So, I was asked to describe what depression is like for me. I came up with this testimony kind of description that I couldn't believe. I have never summed it up quite right, until now. I figured I would share it on here since it is no secret that I struggle with this.
I get it all the time. "You're so positive." "You're always smiling and laughing." "You're a bright person, Marina." Beneath the positivity and optimism, there is more to me than people realize.
I work in Recruitment for a Campus Activities Board and teach a program about the bystander invention for counseling services. To put on social events and invite people to our board requires a welcoming, kind, and outgoing personality. Not only that, my desk is in an office that can flood with so many people either hanging out to eat, talk, or do homework; or people come in and out to speak with the coordinators and directors that work within the office. I'm socializing when I sit at my desk (which is usually 5+ hours in the day) and then go to classes that requires group discussions and student participation (more socializing). For someone with anxiety and depression, this takes a toll mentally, physically, and emotionally.

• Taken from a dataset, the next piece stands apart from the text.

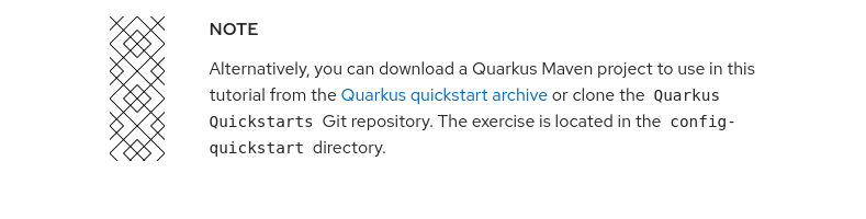 In the RHBQ product documentation for 2.2 and earlier versions, the content references and links to the community QuickStart GitHub repos, for example, the admonition in section 2 of Configuring your Quarkus applications:

After my good and busy days, I seem to lose my spirit in the following days after. My smiles feel like impostors and they lack a genuine response. Some days, my body throws itself on autopilot and my movements are not of my own. I'm numb to everything but the fatigue that smothers my body. It is as if I try to make the day something good in the morning, but then by the afternoon, my attempts are useless because of the ever growing darkness that is building within me and anxious to take over. My eyes seem heavy with not only fatigue, but with the ache to cry tears that threaten to fall. And most of the time, the tears are triggered by pent up exhaustion, a little bit of frustration, a life setback, or because the negative voices in my mind are getting to me.
I have negative voices that tell me I'm a lousy college student. If I get behind on work, they make me feel like I should give up because I can't seem to work at the same pace as everyone else in class can. They tell me that no one really likes or cares me. Behind a text message from me are hundreds of worried thoughts and “what ifs.” I worry about coming off too strong, too weak, too emotional, and too pathetic. They stop me from enjoying everything, including myself. A compliment on my work, my actions, my looks; anything that is praise towards me is never truly believed because the voices believe them to be wrong. It is a battle within my mind that I fight everyday, and sometimes I come out victorious but other days I do not have the strength to repress that darkness.
My life and schedule revolves around it. I tend to take shelter in my room when the darkness is too much. I lay in bed and curl up with a blanket to release my tears and shut out the world. I never used to nap much when I was younger, but as I’m going through the battles in my mind and in life, I find myself needing a nap to reset my circuits. Seeing my counselor at the university has helped me counter the voices and calm my anxiety. She has introduced me to EMDR (Eye Movement Desensitization and Reprocessing) to break down traumatic events within my life and make them smaller, almost meaningless. Doing this assists my mind in processing, letting go of the things that fuel the negative voices. I also follow the “Heart of a Leader” lifestyle that reminds me that “energy is everything.” Your life is about how you show up to it. It’s about changing your story when it turns for the worst. It’s about holding yourself accountable and to see every challenge as an opportunity for personal growth.
It is a day-by-day kind of living with depression and anxiety, but with the right kind of support system, it is manageable. I take the little things like getting out of bed and dressing myself as accomplishments, because they mean that I am choosing to live. Despite the weight that I carry, I choose to put one foot in front of the other and go about my days.
I did not totally address the anxiety part of me and how I came to have depression and anxiety, but I figured that that would be a whole other post. But this is most of it. This is what it feels like to live with this mental illness. I hope this sheds some light for people, maybe make a testimony of their own.